** Opening Dataset records block **

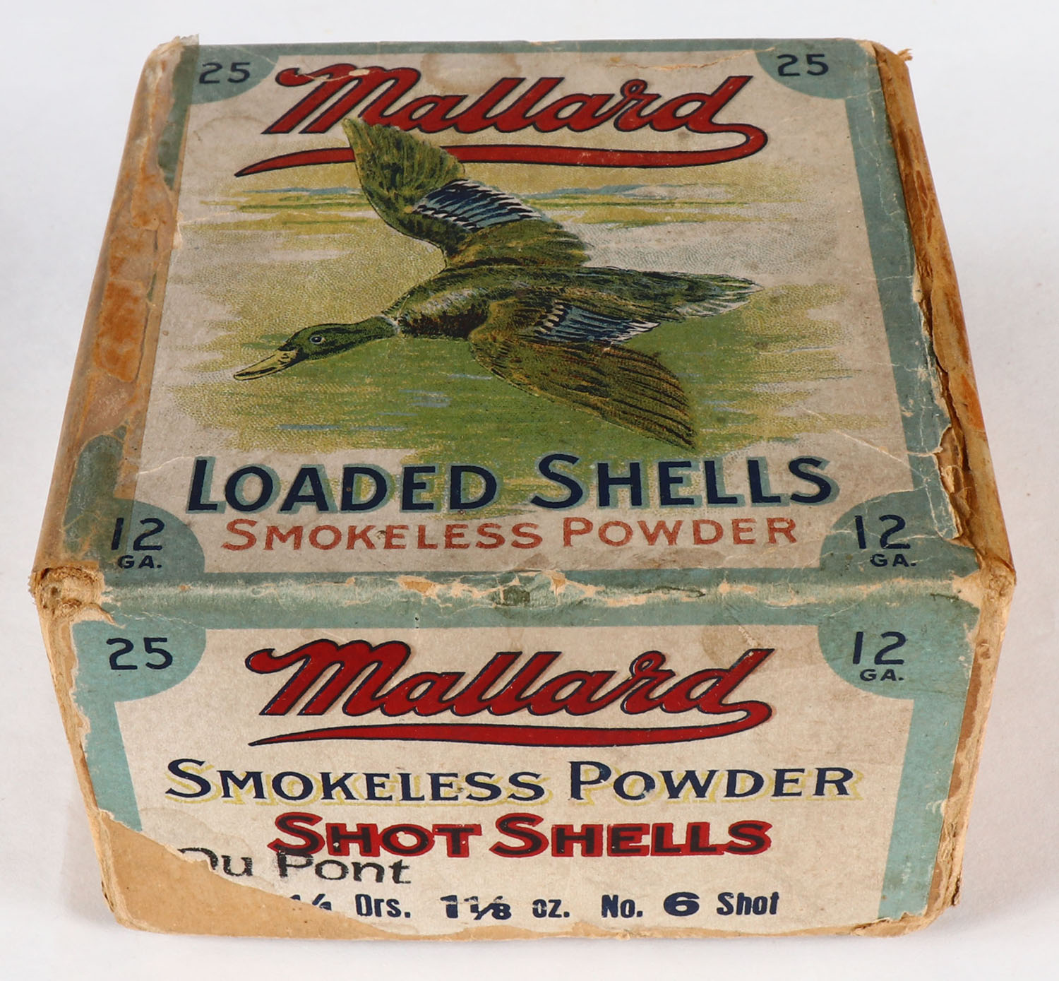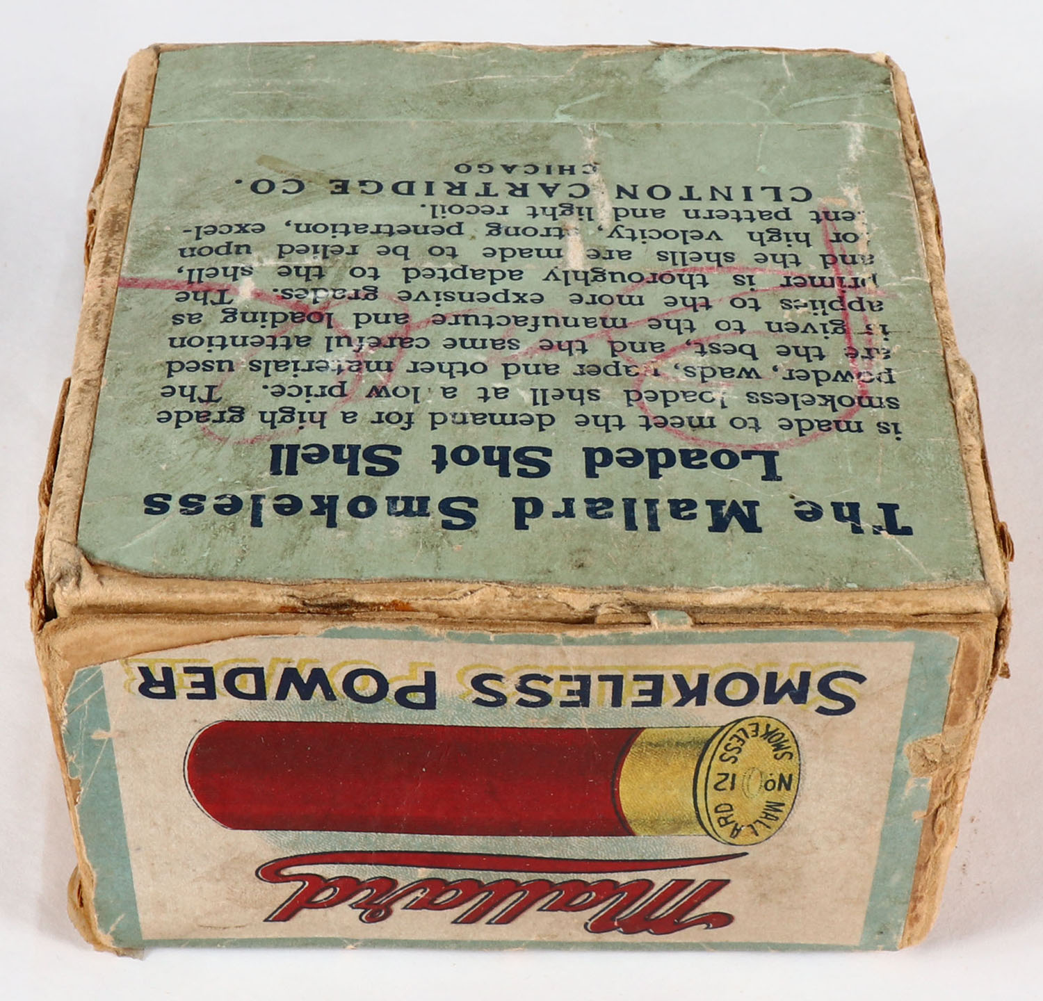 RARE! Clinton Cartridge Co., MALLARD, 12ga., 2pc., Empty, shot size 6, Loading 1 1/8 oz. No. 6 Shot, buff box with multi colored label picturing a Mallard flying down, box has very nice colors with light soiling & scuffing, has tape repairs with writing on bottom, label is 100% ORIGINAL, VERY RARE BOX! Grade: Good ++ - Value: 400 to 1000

** Closing Dataset records block **
** Opening Dataset records block **

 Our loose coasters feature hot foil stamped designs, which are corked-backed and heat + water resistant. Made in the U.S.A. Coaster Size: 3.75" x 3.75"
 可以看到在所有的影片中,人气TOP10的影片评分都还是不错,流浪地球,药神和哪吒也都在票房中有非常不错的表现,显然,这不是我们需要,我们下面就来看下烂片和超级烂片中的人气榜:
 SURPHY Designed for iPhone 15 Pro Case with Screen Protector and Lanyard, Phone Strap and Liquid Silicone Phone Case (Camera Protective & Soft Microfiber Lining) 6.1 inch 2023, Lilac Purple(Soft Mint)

** Closing Dataset records block **

Working from the records above, write out verbatim only the lines from the line containing "Our loose coasters" through the line containing "SURPHY Designed for".

=== Answer ===
 Our loose coasters feature hot foil stamped designs, which are corked-backed and heat + water resistant. Made in the U.S.A. Coaster Size: 3.75" x 3.75"
 可以看到在所有的影片中,人气TOP10的影片评分都还是不错,流浪地球,药神和哪吒也都在票房中有非常不错的表现,显然,这不是我们需要,我们下面就来看下烂片和超级烂片中的人气榜:
 SURPHY Designed for iPhone 15 Pro Case with Screen Protector and Lanyard, Phone Strap and Liquid Silicone Phone Case (Camera Protective & Soft Microfiber Lining) 6.1 inch 2023, Lilac Purple(Soft Mint)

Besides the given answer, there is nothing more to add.